* _Problem_:
Transcribe the entries below word for word, beginning at the line with "Aber erstmal wird" and stopping after the line with "A mix of global"; drop all pictures.

* _Source data_:

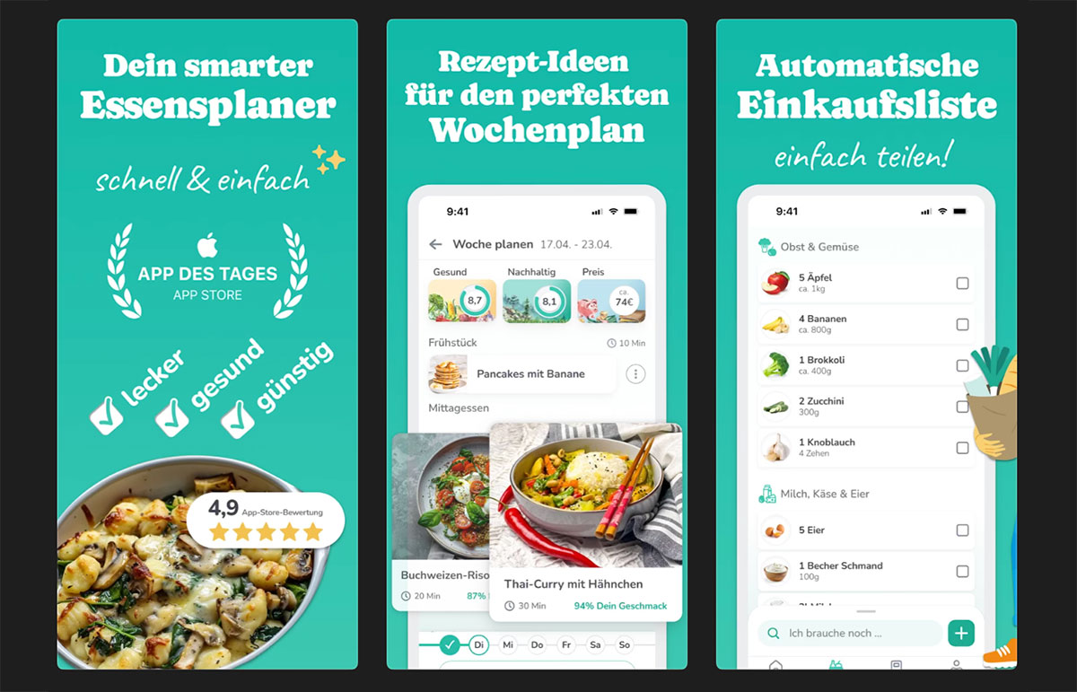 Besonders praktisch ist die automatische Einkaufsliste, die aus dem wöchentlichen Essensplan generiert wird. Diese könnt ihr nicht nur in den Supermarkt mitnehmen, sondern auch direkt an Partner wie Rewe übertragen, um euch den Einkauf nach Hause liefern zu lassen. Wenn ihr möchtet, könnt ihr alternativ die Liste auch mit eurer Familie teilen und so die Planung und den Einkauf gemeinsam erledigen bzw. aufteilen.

* * *

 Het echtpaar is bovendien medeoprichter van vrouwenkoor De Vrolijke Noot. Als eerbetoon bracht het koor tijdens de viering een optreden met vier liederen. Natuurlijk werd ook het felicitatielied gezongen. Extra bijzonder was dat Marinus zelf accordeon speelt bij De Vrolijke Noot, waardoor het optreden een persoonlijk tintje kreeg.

---

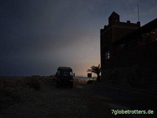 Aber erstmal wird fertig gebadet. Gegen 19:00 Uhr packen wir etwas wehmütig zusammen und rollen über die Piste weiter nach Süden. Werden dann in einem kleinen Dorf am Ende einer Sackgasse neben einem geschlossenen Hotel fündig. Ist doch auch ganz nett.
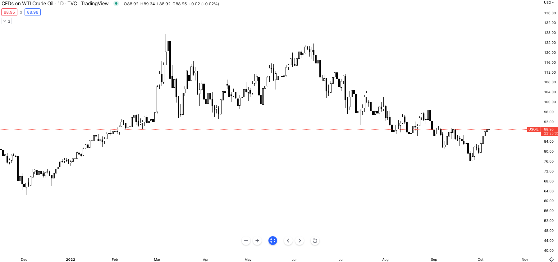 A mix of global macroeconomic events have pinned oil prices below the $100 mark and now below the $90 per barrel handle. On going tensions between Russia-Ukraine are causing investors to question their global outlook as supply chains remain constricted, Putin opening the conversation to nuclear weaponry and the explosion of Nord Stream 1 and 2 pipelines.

* _Task solution_:
 Aber erstmal wird fertig gebadet. Gegen 19:00 Uhr packen wir etwas wehmütig zusammen und rollen über die Piste weiter nach Süden. Werden dann in einem kleinen Dorf am Ende einer Sackgasse neben einem geschlossenen Hotel fündig. Ist doch auch ganz nett.
 A mix of global macroeconomic events have pinned oil prices below the $100 mark and now below the $90 per barrel handle. On going tensions between Russia-Ukraine are causing investors to question their global outlook as supply chains remain constricted, Putin opening the conversation to nuclear weaponry and the explosion of Nord Stream 1 and 2 pipelines.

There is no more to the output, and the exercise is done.